Don’t know how to Attach an instance profile to EC2? We can help you.
Here, at Bobcares, we assist our customers with several AWS queries as part of our AWS Support Services.
Today let us see the steps our Engineers employ to perform the same.
Attach instance profile to EC2
If we create the AWS IAM role via AWS Management Console and select EC2 as the AWS service, the instance profile and role names are the same.
On the other hand, if we create the IAM role via AWS CLI, we must also create the instance profile using the AWS CLI. The IAM role name and instance profile name can be different.
In order to avoid errors, we make sure to use the most recent version of the AWS CLI.
We must have permission to launch EC2 instances and to pass IAM roles.
AWS Management Console
1. Initially, we open the Amazon EC2 console and select Instances.

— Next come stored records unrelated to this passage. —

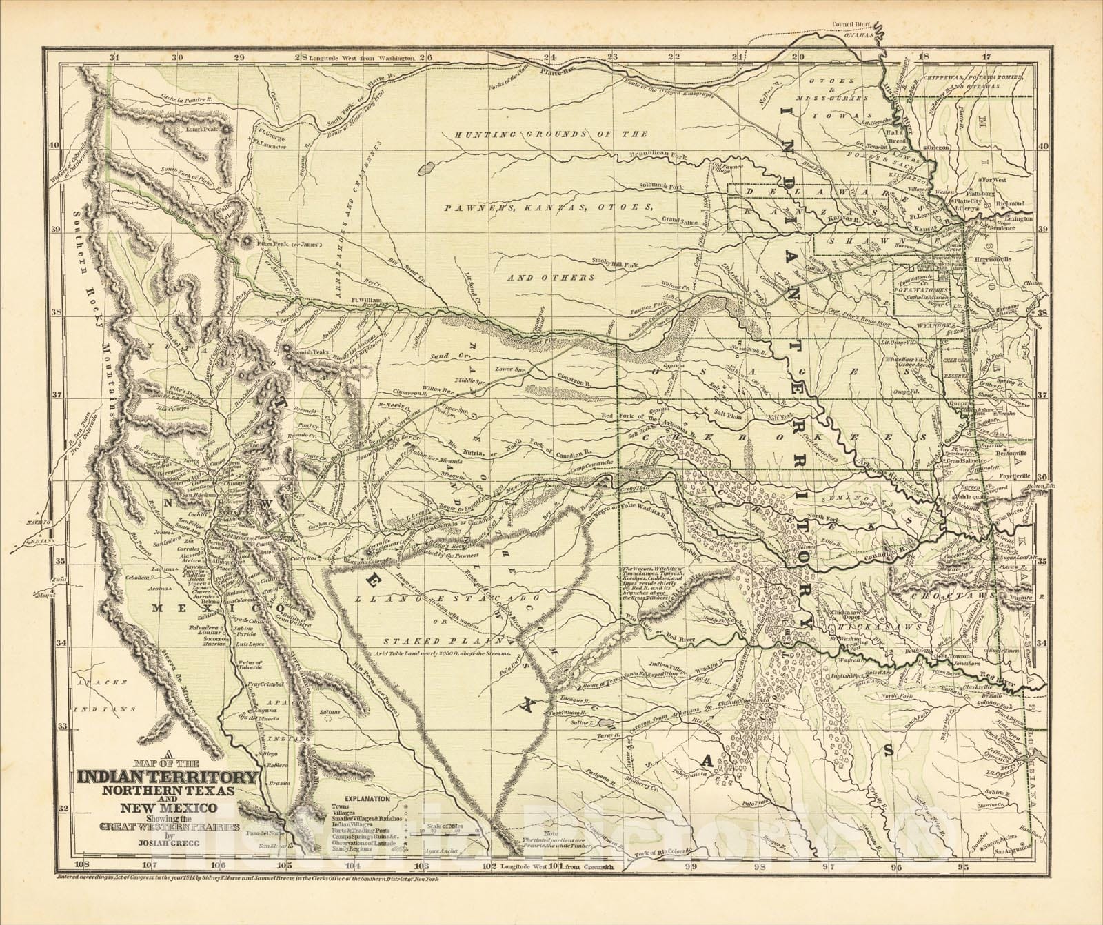 • .Historic Map : A Map of The Indian Territory, Northern Texas And New Mexico Showing the Great Western Prairies by Josiah Gregg, 1844, Josiah Gregg, v3, Vintage Wall Art
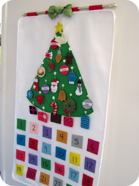 Teach Mama has a tutorial for this simple Christmas tree advent calendar, made from small plastic tubs:
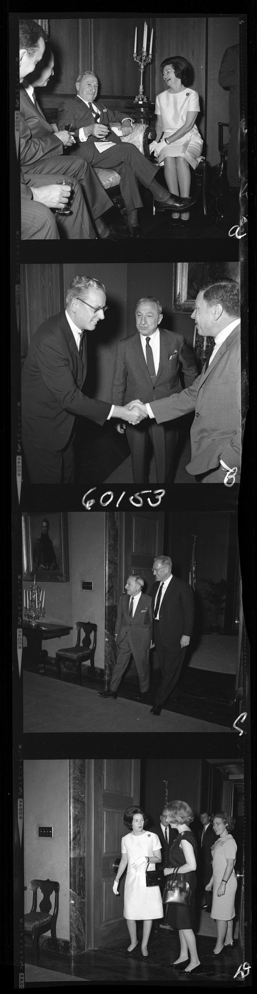 Luncheon and press conference at Museum of History and Technology, now known as National Museum of American History, with Joseph and Olga Hirshhorn, Assistant Secretary James C. Bradley, and Lady Bird Johnson.
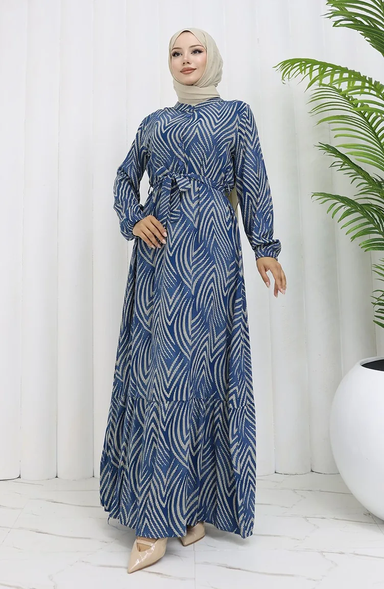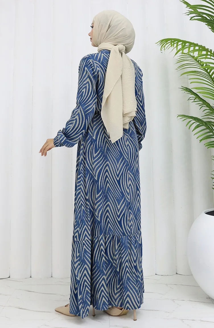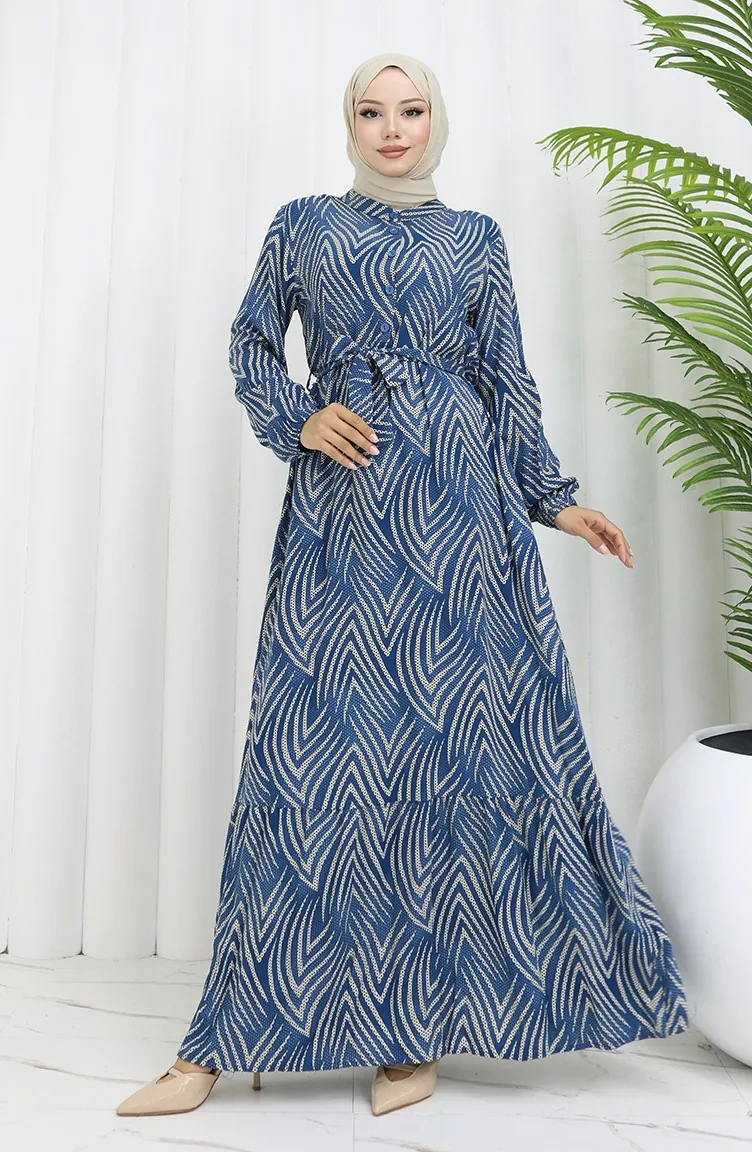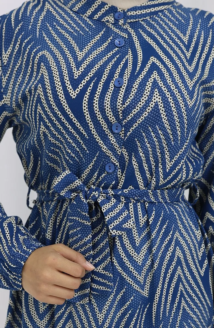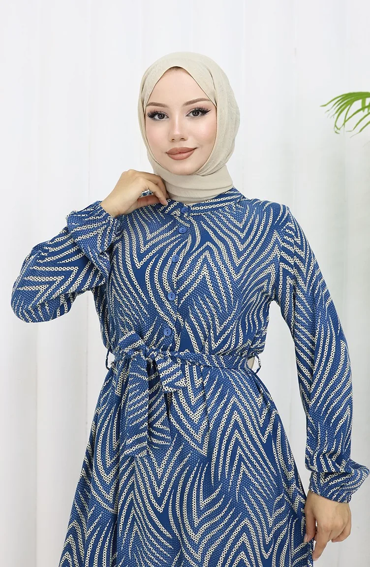 Viskon Kumaş Desenli Elbise 4074-05 İndigo
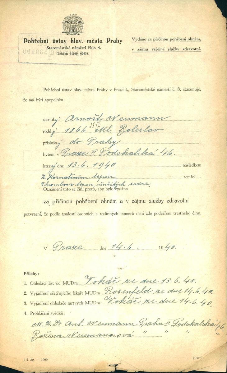 Neumann Arnošt: Žádost o potvrzení k pohřbení ohněm
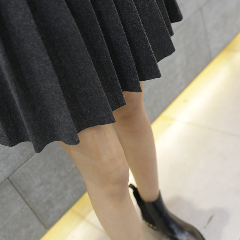 Hairy, pleated skirt schoolgirl with high waist A character elastic short skirt external wearing underskirt autumn winter Korean version black half-body dress
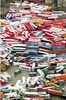 在日本仙台,遭海啸冲击的集装箱堆积在一起。 新华社发
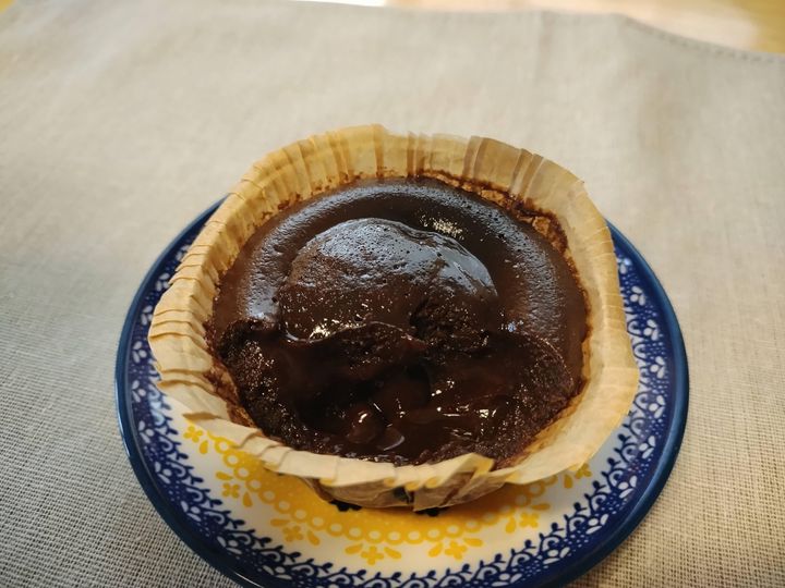 表示通りに温めると、真ん中トロトロのフォンダンショコラの完成です。周りの生地も柔らかくてなめらか。口に入れると甘みが強く感じますが、後味にほどよい苦みも感じます。ブラックコーヒーがよく合うスイーツです。
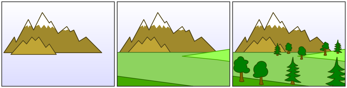 Painter’s Algorithm 画家算法的灵感来自于画家的绘画方式,从后往前绘制,在 framebuffer 中覆盖即可:
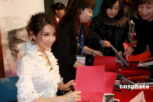 1月7日,李冰冰帶著新書《李冰冰:十年·映畫》在北京國際展覽中心召開新聞發(fā)布會,并把新書獲得的首批版稅捐給了聯(lián)合國兒童基金會。現(xiàn)場不少影迷專程從外地飛赴北京趕來給李冰冰獻花、加油。而為了感謝影迷的支持,李冰冰也在現(xiàn)場為部分讀者簽名贈書。中新社發(fā) 鄭雄增 攝

2. After that, we select the instance that we want to attach an IAM role.
3. Under the details pane, we can check if an IAM role is attached or not. If it exists, changing the role doesn’t affect the applications or access to AWS services.
4. Then we select Actions, Security, and then Modify IAM role.
5. From the Choose IAM role dropdown list, we select the instance profile that we want to attach.
6. Finally, we select the option, Save.
AWS Command Line Interface (AWS CLI)
Before we attach the instance profile to the EC2 instance, we add the role to it.
1. In case we don’t have an instance profile, we can run the following command:
aws iam create-instance-profile --instance-profile-name EXAMPLEPROFILENAME
2. Then to add the role to the instance profile, we run:
$ aws iam add-role-to-instance-profile --instance-profile-name EXAMPLEPROFILENAME --role-name EXAMPLEROLENAME
3. In addition, we can attach the instance profile to the EC2 instance using the command below:
$ aws ec2 associate-iam-instance-profile --iam-instance-profile Name=EXAMPLEPROFILENAME --instance-id i-012345678910abcde
However, if we have an instance profile, the associate-iam-instance-profile command will fail.
To resolve this, first, we run the describe-iam-instance-profile-associations command and get the associated instance ID.
Then, perform either of the following:
To replace the instance profile, we can run the replace-iam-instance-profile-association command.
We can run the disassociate-iam-instance-profile command to detach the instance profile, and then rerun the associate-iam-instance-profile command.
4. Finally, to verify that the IAM role attaches to the instance, we run:
$ aws ec2 describe-iam-instance-profile-associations --filters Name=instance-id,Values=i-012345678910abcde
[Need further assistance? We are here to assist you]
In short, we saw how our Support Techs attach or replace instance profiles to EC2.